To calculate the final grade I want to evaluate these three model of ML. I'm starting to use models that don't need to be scale like DecisionTree and RandomForestRegressor after that I'm going to take in consideration SVR.

To make more realistic my analysis I deleted G1 and G2 because is too close to G3 and school, failures and abseces because I want to predict G3 based on social status. So my prediction will based on other features.

#### DecisionTree

In [None]:
#defining parameters for decision tree regressor
params= { 'max_features':[0.5], #[0.1,0.2,0.3,0.4,0.5],
    'min_samples_split':[0.1], #5,6,7,8, 0.1,0.2
    'min_samples_leaf':[0.1], #2,3,4,5,6,7,8,0.1,0.2,0.3
        }

reg_tree = DecisionTreeRegressor()
gs = GridSearchCV(estimator=reg_tree, param_grid=params, cv=5, n_jobs=-1) #validate model with his parameters
gs.fit(X_train, y_train) #fitting training set

reg_tree = gs.best_estimator_
print(reg_tree) #printing best estimator values

pred_tree = reg_tree.predict (X_test)

#printing scores
dt_score = r2_score(y_test, pred_tree)
dt_mae = mean_absolute_error(y_test, pred_tree)
print('MAE: %.2f' %dt_mae)
print('Score: %.2f' %dt_score)

importances = reg_tree.feature_importances_
indices= np.argsort(importances)[::-1]
# summarize feature importance
for i,v in enumerate(importances):
    print("%d.

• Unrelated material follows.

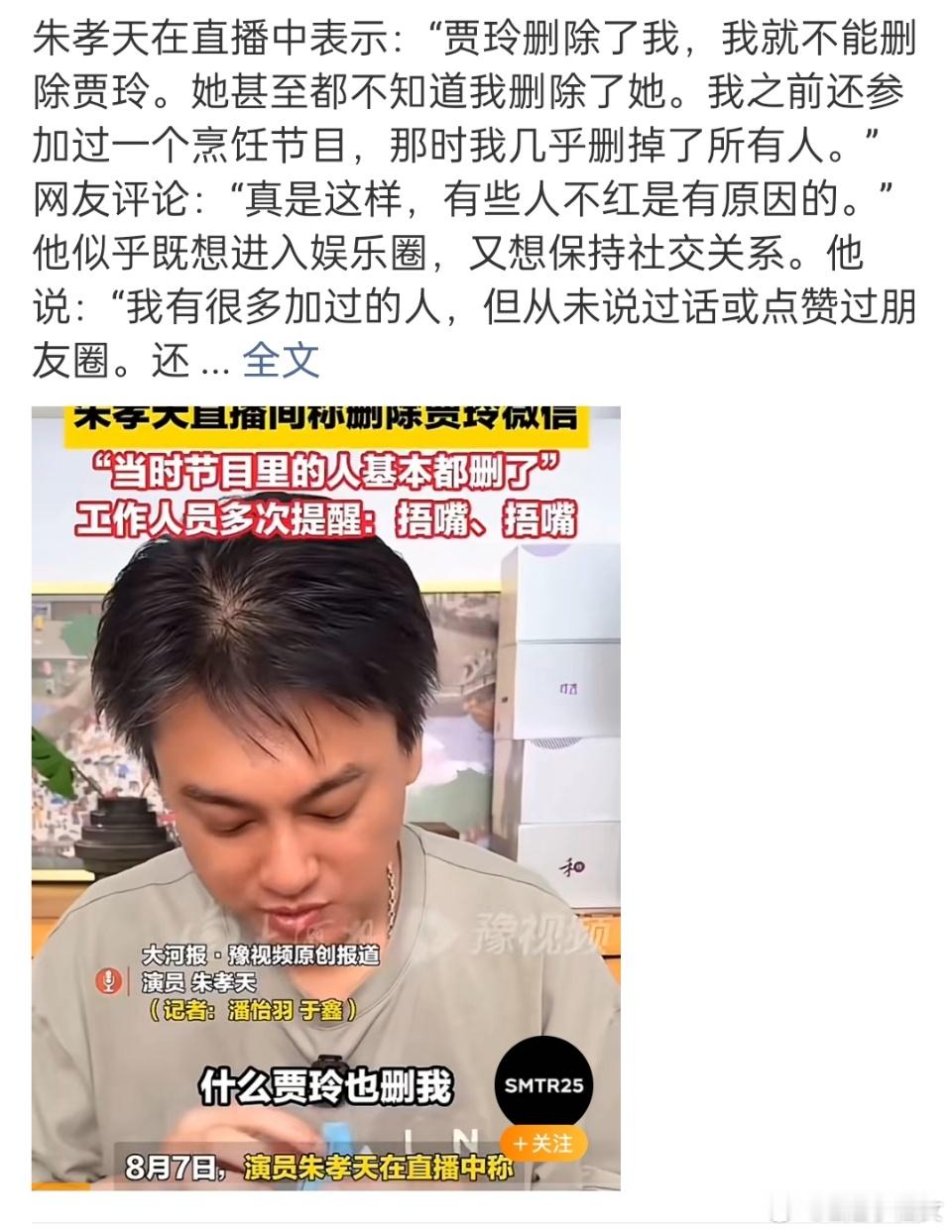 朱孝天情绪失控是消耗公众信任不觉得朱孝天是什么敏感拧巴脆皮人设,他要是真i得不行高敏人,那就不会趁大s热度卖酸辣粉,还能聪明地狡辩”不卖些酸辣粉怎么养她的孩子”。说白了是台娱没有很成功的“明星转网红”案例,但他想走这条路子。用明星时期的热度带货,然后又不想要明星身份必须过渡一部分“体面”给大众的行规。维持热度的方式大致三种,一是没事爆一下删了哪个艺人的联系方式,又拉黑了谁,营造出一种自诩清流,和娱乐圈格格不入的遗世独立。二是diss一下谁办事儿不地道,再阴阳一下别人犯过什么错…除了f4里的其他三位经常被他带出来隔空肘击,再有就是五月天了(张震岳那种硬刚的他反而闭麦)。其实他结婚言承旭吴建豪都有去当伴郎(周渝民老婆当时在生娃),动不动就说人家三个排挤他。第三种是他以前用过的路数,搞女明星的桃色新闻。李冰冰、林熙蕾,类似招数后面他还在用,只不过他这颜值一路西行,所以也没啥人care普人的恋情。演戏没演明白,但直播流量是整的挺明白的。

Feature %s(%.3f)" % (i + 1, X.columns.values[indices[i]], importances[indices[i]]))

#### RandomForest Regressor

In [None]:
params = {'n_estimators':[1000],
        'min_samples_leaf': [4], #2,3,4,5,6,7
        'min_samples_split': [4], #2,3,4,5,6
          'max_features': [0.1,0.2,0.3,0.4,0.5,0.6,0.7,0.8,0.9,1.0]

             }


reg_forest = RandomForestRegressor()
gs = GridSearchCV(reg_forest,params, cv=5, n_jobs=-1) #validation for Random Forest
gs.fit (X_train, y_train)
reg_forest=gs.best_estimator_
print(reg_forest)

pred_forest = reg_forest.predict (X_test)
rf_score = r2_score(y_test, pred_forest) 
rf_mae = mean_absolute_error(y_test, pred_forest)
print('MAE: %.2f' %rf_mae)
print('Score: %.2f' %rf_score)

#features importance
importances = reg_forest.feature_importances_
indices= np.argsort(importances)[::-1]
# summarize feature importance
for i,v in enumerate(importances):
    print("%d. Feature %s(%.3f)" % (i + 1, X.columns.values[indices[i]], importances[indices[i]]))

#### Scaling 

In [None]:
#scaling data
scaler = StandardScaler()
X_train = scaler.fit_transform(X_train) #fitting and transform training data
X_test = scaler.transform(X_test) #transform test data

Now I scaled data because I want to try with SVR

#### SVR

In [None]:
params= {
    'kernel':['rbf'], #linear
    'C':[0.9], #[0.1,0.2,0.3,0.4,0.5,0.6,0.7,0.8,0.9],
    'epsilon':[1.2], #[0.01,0.1,0.2,0.3,0.4,0.5,0.6,0.7,0.8,0.9,1.0,2.0,3.0,1.1,1.2,1.3,1.4],
    'gamma':[0.01], #[0.1,0.2,0.3,0.4,0.5]
        }

reg_svr = SVR()
gs = GridSearchCV(reg_svr,params, cv=5, n_jobs=-1) #validation for Random Forest
gs.fit (X_train, y_train)
reg_svr=gs.best_estimator_
print(reg_svr)

pred_svr = reg_svr.predict (X_test)
svr_score = r2_score(y_test, pred_svr)
svr_mae = mean_absolute_error(y_test, pred_svr)
print('MAE: %.2f' %svr_mae)
print('Score: %.2f' %svr_score)


#importeance only for linear kernel
#importance = reg_svr.coef_
#indices= np.argsort(importance)[::-1]
# summarize feature importance
#for i,v in enumerate(importance):
#    print("%d. Feature %s(%.2f)" % (i+1, X.columns.values[indices[i]], importance[indices[i]]))

##### Best scroring

In [None]:
from tabulate import tabulate
data=[[svr_score, svr_mae],
      [rf_score, rf_mae],
      [dt_score, dt_mae ]]
index = ['SVR','Random Forest Regressor', 'Decision Tree Regressor']
tab = pd.DataFrame(data, index=index, columns=['R2 score', 'MAE']).sort_values('R2 score',ascending = False).round(2)

   

print(tabulate(tab, headers= ['Model', 'R2 score', 'MAE'],tablefmt='fancy_grid'))


#### Important features

In our model the most important and influence feature is higher and age.